#### [Task]
For the records below, output word for word the lines from the one with "En el marco" up to and including the one with "12月18日上午,許昌市一男". No pictures.

#### [Records supplied]
▶
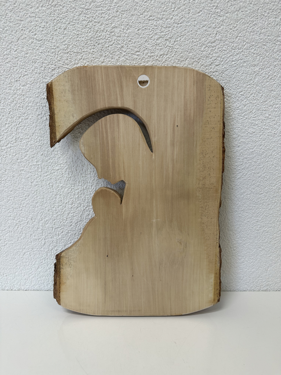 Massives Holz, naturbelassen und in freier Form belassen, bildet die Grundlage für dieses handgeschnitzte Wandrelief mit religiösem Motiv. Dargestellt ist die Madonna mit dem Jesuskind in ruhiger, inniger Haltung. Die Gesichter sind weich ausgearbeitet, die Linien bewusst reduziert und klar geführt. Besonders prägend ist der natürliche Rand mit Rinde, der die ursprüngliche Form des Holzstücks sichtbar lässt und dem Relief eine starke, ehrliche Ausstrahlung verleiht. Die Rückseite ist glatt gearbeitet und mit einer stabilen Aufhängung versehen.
◀
▶
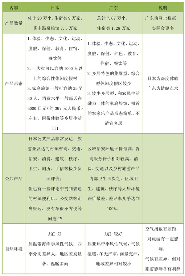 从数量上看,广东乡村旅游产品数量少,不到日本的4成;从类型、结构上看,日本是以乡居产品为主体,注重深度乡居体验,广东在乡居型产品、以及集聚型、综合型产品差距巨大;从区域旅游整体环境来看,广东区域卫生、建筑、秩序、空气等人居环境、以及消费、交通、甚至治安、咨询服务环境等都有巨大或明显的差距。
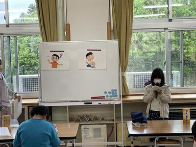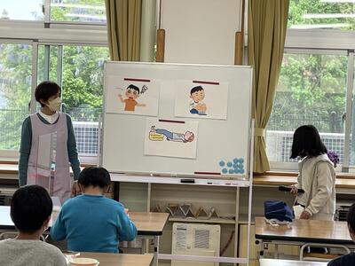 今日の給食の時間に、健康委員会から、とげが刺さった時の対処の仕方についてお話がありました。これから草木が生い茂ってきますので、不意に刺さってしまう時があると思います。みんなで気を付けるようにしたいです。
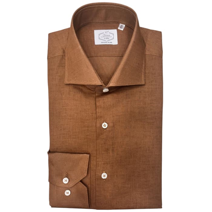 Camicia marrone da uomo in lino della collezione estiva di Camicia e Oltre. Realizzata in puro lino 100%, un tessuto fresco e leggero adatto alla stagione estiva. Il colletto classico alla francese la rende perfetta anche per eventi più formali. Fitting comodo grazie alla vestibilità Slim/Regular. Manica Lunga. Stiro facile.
◀
▶
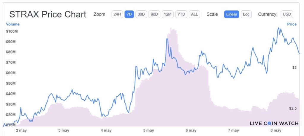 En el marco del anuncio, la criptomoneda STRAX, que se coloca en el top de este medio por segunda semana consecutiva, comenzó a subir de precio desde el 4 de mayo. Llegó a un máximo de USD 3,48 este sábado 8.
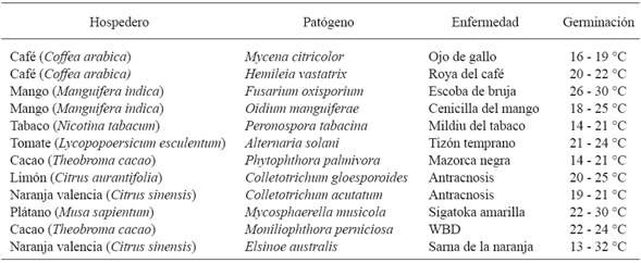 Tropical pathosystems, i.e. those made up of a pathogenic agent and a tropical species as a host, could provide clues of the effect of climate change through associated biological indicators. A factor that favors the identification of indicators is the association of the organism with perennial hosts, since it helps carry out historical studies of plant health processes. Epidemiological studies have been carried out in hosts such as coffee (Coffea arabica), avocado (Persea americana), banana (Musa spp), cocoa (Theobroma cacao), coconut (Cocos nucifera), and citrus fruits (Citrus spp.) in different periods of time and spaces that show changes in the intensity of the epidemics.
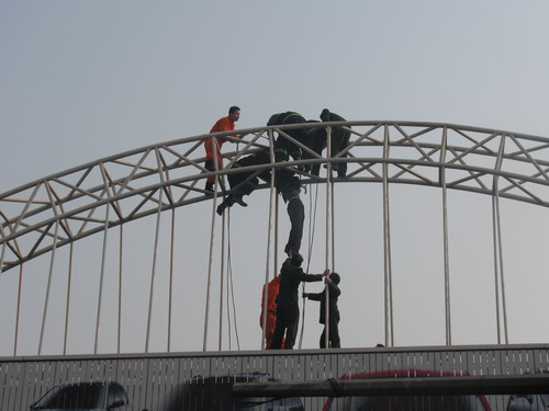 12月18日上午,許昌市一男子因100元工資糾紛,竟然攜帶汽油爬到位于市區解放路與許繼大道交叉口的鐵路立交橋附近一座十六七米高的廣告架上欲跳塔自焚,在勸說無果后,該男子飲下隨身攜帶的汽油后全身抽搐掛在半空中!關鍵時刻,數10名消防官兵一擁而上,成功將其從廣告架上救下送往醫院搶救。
◀
#### [Task response]
 En el marco del anuncio, la criptomoneda STRAX, que se coloca en el top de este medio por segunda semana consecutiva, comenzó a subir de precio desde el 4 de mayo. Llegó a un máximo de USD 3,48 este sábado 8.
 Tropical pathosystems, i.e. those made up of a pathogenic agent and a tropical species as a host, could provide clues of the effect of climate change through associated biological indicators. A factor that favors the identification of indicators is the association of the organism with perennial hosts, since it helps carry out historical studies of plant health processes. Epidemiological studies have been carried out in hosts such as coffee (Coffea arabica), avocado (Persea americana), banana (Musa spp), cocoa (Theobroma cacao), coconut (Cocos nucifera), and citrus fruits (Citrus spp.) in different periods of time and spaces that show changes in the intensity of the epidemics.
 12月18日上午,許昌市一男子因100元工資糾紛,竟然攜帶汽油爬到位于市區解放路與許繼大道交叉口的鐵路立交橋附近一座十六七米高的廣告架上欲跳塔自焚,在勸說無果后,該男子飲下隨身攜帶的汽油后全身抽搐掛在半空中!關鍵時刻,數10名消防官兵一擁而上,成功將其從廣告架上救下送往醫院搶救。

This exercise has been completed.